'''

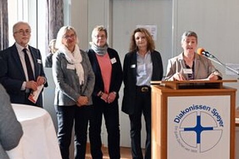 Auf dem zweiten Bild von oben sind zu sehen: Dr. Günter Geisthardt, Evangelische Diakonissenanstalt Speyer-Mannheim-Bad Dürkheim, Maria Knapp, Mitarbeiterin der Schwangerenberatungsstelle des DWP in Speyer, Katrin Lepke, Vorstandsmitglied des FASD (Fetal Alcohol Spectrum Disorder) Deutschland e.V.; Iris Löhr, Suchtpräventionsfachfrau von NIDRO Speyer sowie am Redepult Anette Schilling, leitende Referentin für Suchtkrankenhilfe im Diakonischen Werk Pfalz.
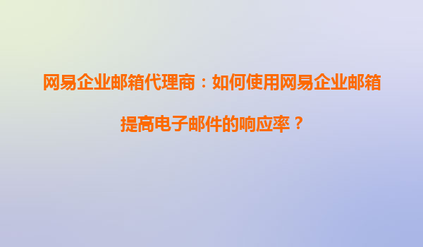 2025-09-03如何使用网易企业邮箱提高电子邮件的响应率? 在现代商业环境中,电子邮件是企业日常沟通的重要工具。然而,许多企业发现邮件的响应率并不高,严重影响了工作效率和客户满意度。作为网易企业邮箱代理商,我们深...
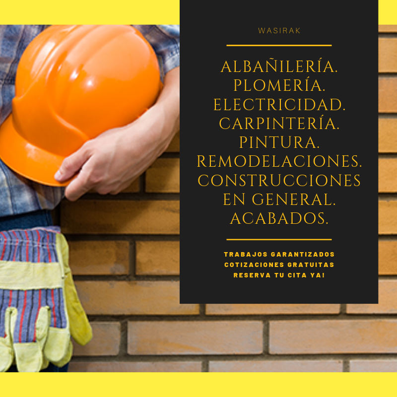 Wasirak Construcciones, es una empresa de construcción, reparación y mantenimiento de hogares, oficinas y más, que ofrece un servicio íntegro en construcciones en general y soluciones para el hogar referente a plomería, albañilería, electricidad, carpintería, lectura de planos, estructuras metálicas, tumbados, y todo lo relacionado al sector de la construcción. Todos nuestros servicios incluyen asesoramiento personalizado.

'''

### ABOUT THIS TASK
In the answer, set down only the lines from the opening line of the listing through the line that holds "2025-09-03如何使用", exactly as they appear, minus the pictures.

### EXPECTED ANSWER
 Auf dem zweiten Bild von oben sind zu sehen: Dr. Günter Geisthardt, Evangelische Diakonissenanstalt Speyer-Mannheim-Bad Dürkheim, Maria Knapp, Mitarbeiterin der Schwangerenberatungsstelle des DWP in Speyer, Katrin Lepke, Vorstandsmitglied des FASD (Fetal Alcohol Spectrum Disorder) Deutschland e.V.; Iris Löhr, Suchtpräventionsfachfrau von NIDRO Speyer sowie am Redepult Anette Schilling, leitende Referentin für Suchtkrankenhilfe im Diakonischen Werk Pfalz.
 2025-09-03如何使用网易企业邮箱提高电子邮件的响应率? 在现代商业环境中,电子邮件是企业日常沟通的重要工具。然而,许多企业发现邮件的响应率并不高,严重影响了工作效率和客户满意度。作为网易企业邮箱代理商,我们深...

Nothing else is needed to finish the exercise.